Metabolic biomarkers for peripheral artery disease compared with coronary artery disease: Lipoprotein and metabolite profiling of 31,657 individuals from five prospective cohorts
Michael V Holmes,
Posted 25 Jul 2020
medRxiv DOI: 10.1101/2020.07.24.20158675
Posted 25 Jul 2020
Background: Peripheral artery disease (PAD) and coronary artery disease (CAD) represent atherosclerosis in different vascular beds. We conducted detailed metabolic profiling to identify biomarkers for the risk of developing PAD and compared with risk of CAD to explore common and unique risk factors for these different vascular diseases. Methods: We measured blood biomarkers using nuclear magnetic resonance metabolomics in five Finnish prospective general-population cohorts (FINRISK 1997, 2002, 2007, 2012, and Health 2000 studies, n = 31,657). We used Cox modelling to estimate associations between biomarkers and incident symptomatic PAD and CAD (498 and 2073 events, respectively) during median follow-up time of 14 years.

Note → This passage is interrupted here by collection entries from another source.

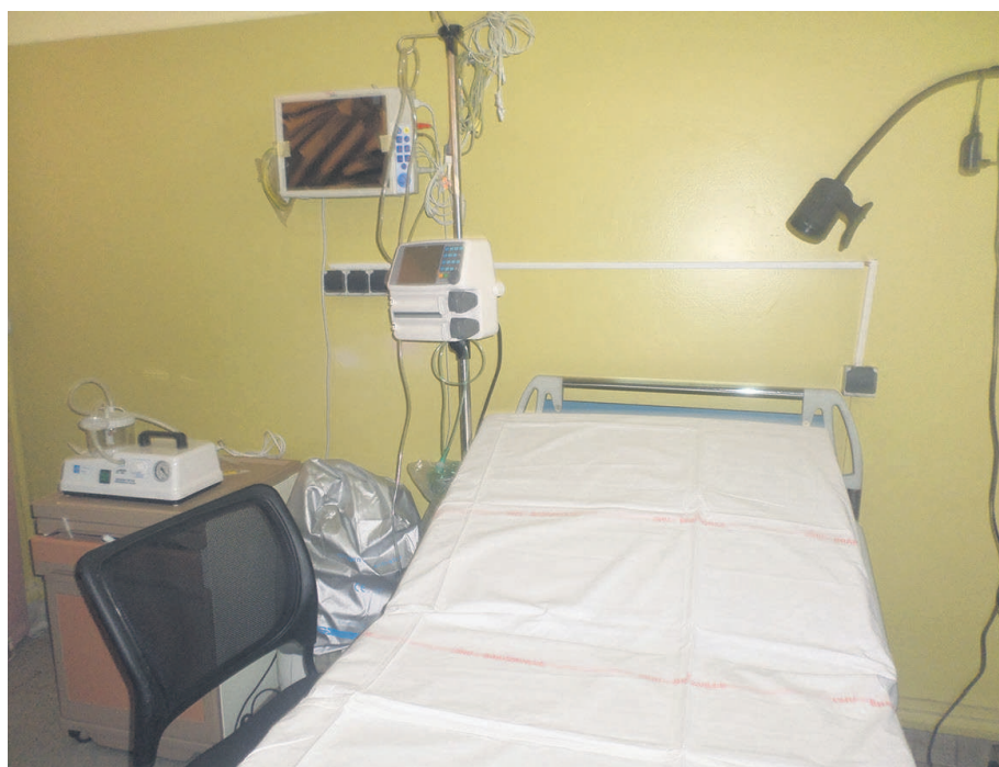
Une image de l'Unité des soins Intensifs Cardiolgiques du CHU Brazzaville

Il sied de souligner que ces appuis de LCB Bank traduisent sa volonté de matérialiser permanentement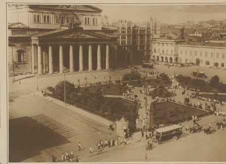
Das neue Moskau. Unsere Aufnahme zeigt den Theaterplatz mit einigen modernen Autobussen, die dieser Tage dem Verkehr übergeben wurden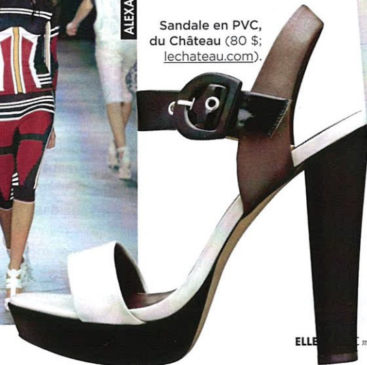
Sandale en PVC, du Château (80 $; lechateau.com ).

nos conseils Pantalon cargo, taille coulissée, nylon, maille, néoprène... Les créateurs ont décidé de sortir le sportswear du gym. L'idée, c'est de glamouriser des vêtements athlétiques en conjuguant, par exemple, un parka sport bien coupé et des sandales à talons hauts. Côté couleurs, on adopte des vêtements de base passepartout en noir, en blanc, ou une combinaison des deux, qu'on égaye d'un sac jaune canari ou d'un pull rouge feu. Le match de la saison!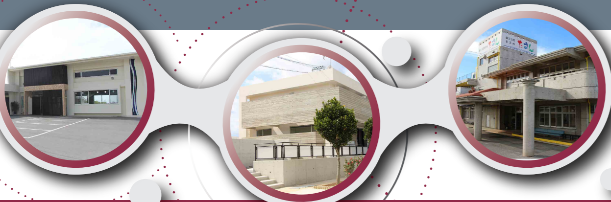
こども発達支援センター ココイロ

本人の夢を育て自分を育てる。個性（個々色→ココイロ）が輝くお手伝いができますように。「じぶんみらいココイロ」今後とも宜しくお願い致します。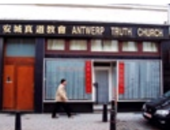
Antwerp Truth Church Belgium

De doelstelling van deze organisatie is om de integratie van de Filippijnse gemeenschap in Antwerpen te bevorderen en de kennis van de Filippijnse cultuur bij Belgen en mensen van andere culturen te verbeteren. De vzw is sinds 2007 actief en organiseert cursussen, culturele activiteiten en workshops. Op 16 mei 2009 organiseerde zij voor de eerste keer een Filippijns feest in Park Spoor Noord onder de naam Flores de Mayo. Het hoogtepunt was een multiculturele bloemenparade.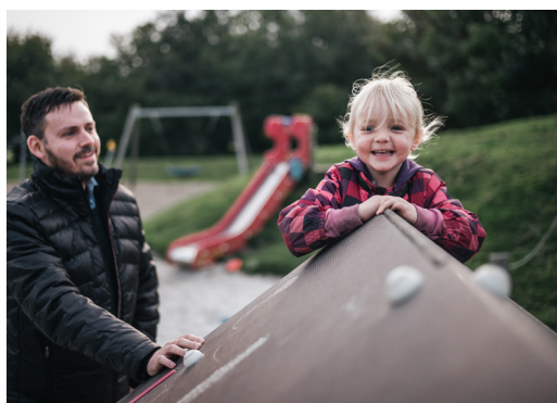
En tur på legepladsen er altid populær.

„Brejning tiltrækker mange tilflyttere, og vi er selv blevet mødt af et meget åbent miljø. Det er naturligt at tage imod hinanden og falde i snak, byen har en god størrelse og her er et rigt foreningsliv. Som børnefamilie er fælleslegepladsen helt genial og et godt sted at mødes i weekenden. Mange forelsker sig i strandene, skovene og de smukke, historiske bygninger. Men her er også en rigtig fin infrastruktur med togforbindelse direkte til storbyerne“.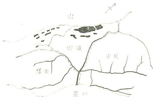
図2 吉沢部落の耕作地とミヤイリガイ棲息部分(黒), 感染野鼠検出地(黒丸)

ミヤイリガイの分布は図2に示す通りで、御領の全域と中反の一部に拡がっているが、横田には認められない。御領では斜面最上段の放棄された水田内に最も多く1m 2 当り50個以上が採集され、下部の段々畑の石垣や水路では1m 2 当り3~10個が散在して認められた。中反では石垣や水路に僅か2~5個が生息した。御領で採集した250個中1個にセルカリア寄生を認めた。野鼠は45頭を捕獲したが、御領の放棄水田から得た1頭に日本住血吸虫の感染を認めた。犬は25頭を検査したが、全例陰性であった。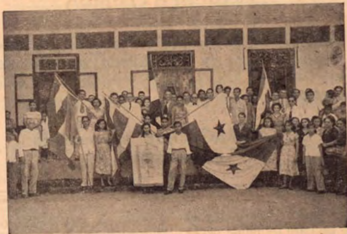
Los excursionistas golfiteños frente al Consulado de Costa Rica en David, Chiriquí, República de Panamá. Posaron para Foto Barú al regresar de la visita que le hicieran a la casa donde vivió el General Morazán. Los acompañan las autoridades locales y varios miembros de la Confederación Centroamericana de David.

EL CENTRO DE AMIGOS DE GOLFITO EN DAVID, CHIRIQUI

Results: The pattern of biomarker associations for incident PAD deviated from that for CAD. Apolipoproteins and cholesterol measures were robustly associated with incident CAD (for example, age- and sex-adjusted hazard ratio per SD for higher apolipoprotein B/A 1 ratio: 1.30; 95% confidence interval 1.25-1.36), but not with incident PAD (1.04; 0.95-1.14; Pheterogeneity < 0.001). Low-density lipoprotein (LDL) particle concentrations were also associated with incident CAD (e.g. small LDL particles: 1.24; 1.19-1.29) but not with PAD (1.07; 0.98-1.17; Pheterogeneity < 0.001). In contrast, more consistent associations of smaller LDL particle size and higher triglyceride levels in LDL and HDL particles with increased risk for both CAD and PAD events were seen (Pheterogeneity > 0.05). Many non-traditional biomarkers, including fatty acids, amino acids, inflammation- and glycolysis-related metabolites were associated with future PAD events. Lower levels of linoleic acid, an omega-6 fatty acid, and higher concentrations of glucose, lactate, pyruvate, glycerol and glycoprotein acetyls were more strongly associated with incident PAD as compared to CAD (Pheterogeneity < 0.001). The differences in metabolic biomarker associations for PAD and CAD remained when adjusting for body mass index, smoking, prevalent diabetes, and medications. Conclusions: The metabolic biomarker profile for future PAD risk is largely distinct from that of CAD. This may represent pathophysiological differences and may facilitate risk prediction.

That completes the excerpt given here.